RTLZeroMemory if a macro? :eek

[dedndave]

well - according to msdn
but, i just made an exe - it looks like a proc, to me   :P

Deadly - ignore my previous post - lol

http://msdn.microsoft.com/en-us/library/aa366920%28VS.85%29.aspx

This macro is defined as the RtlZeroMemory macro.
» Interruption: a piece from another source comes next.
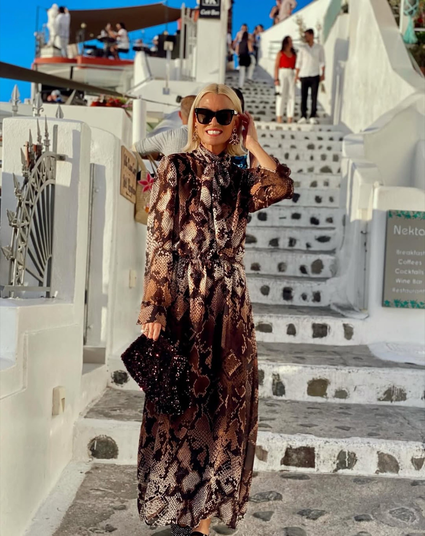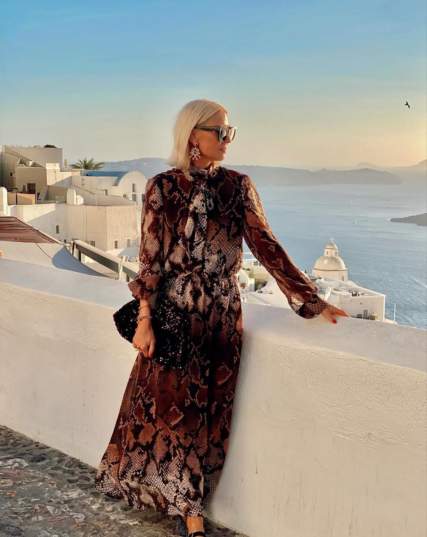 Maxi φόρεμα με γραβάτα. Λάστιχο περιμετρικά της μέσης και μακριά μανίκια με μανσέτες.
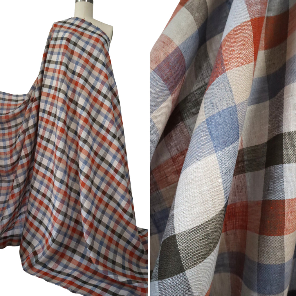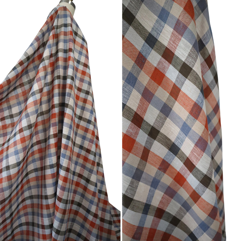 ‘The Country Road’ check features a mix of Terracotta (burnt orange), a dusty blue, olive, beige and white. The colour combination makes it perfect for separates, and coordinating with your wardrobe. It would also be stunning in a dress in its own right. Have fun and mix these new checks together, or have a look in your scrap box and play with contrasting fabric for collar bands, plackets and cuffs. Be sure to look at our expanding button range to finish off your garment.

For more information, see Winbase.h and Winnt.h.

the sentance, alone, makes no sense   :lol

[Twister]

Code Select Expand

include \masm32\include\masm32rt.inc

Main proto

.data

    strMsvcrt DB "msvcrt.dll",0
    strMemset DB "memset",0

.code

Main proc
    LOCAL sinfo:STARTUPINFO
    LOCAL ptr_memset:DWORD

    .if FUNC(GetProcAddress, FUNC(LoadLibrary, offset strMsvcrt), offset strMemset)
        mov ptr_memset, eax
       
        push sizeof sinfo
        push 0
        lea eax, sinfo
        push eax
        call ptr_memset    ; memset ( void * ptr, int value, size_t num )
       
    .endif

    invoke ExitProcess, 0
Main endp
   
end Main

[dedndave]

i think i would use GetModuleHandle instead of LoadLibrary, no ?

Code Select Expand

        INCLUDE \masm32\include\masm32rt.inc

        .DATA

szKernel32  db 'kernel32.dll',0
szRtlZeroM  db 'RtlZeroMemory',0

        .CODE

_main   PROC

        LOCAL   sinfo:STARTUPINFO

        INVOKE  GetModuleHandle,offset szKernel32
        INVOKE  GetProcAddress,eax,offset szRtlZeroM
        push    sizeof sinfo
        lea     edx,sinfo
        push    edx
        call    eax

        INVOKE  ExitProcess,0

_main   ENDP

        END     _main

[Twister]

I used LoadLibrary because you need to load the library into your program. It returns the Library Base address after it has been located and loaded successfully.

You are using GetModuleHandle incorrectly. :wink

Code Select Expand

GetModuleHandle Function - Retrieves a module handle for the specified module. The module must have been loaded by the calling process.

Opps, didn't notice you were using kernel32. thought you were using msvcrt :lol

[dedndave]

it's kernel32 - already loaded   :bg

[Twister]

I used the CRT function memset from msvcrt.dll.  I find it quicker. :P

[hutch--]

Vermilion,

The usual process when dynamically calling a function from a DLL is to call LoadLibrary(), check the return value to ensure it loaded corectly then call GetProcAddress() and test its return value. If the value is OK you can then call the function you are after as long as you know the correct argumnets to pass to it.

When you are finished with the function, use FreeLibrary() to release it and recover memory.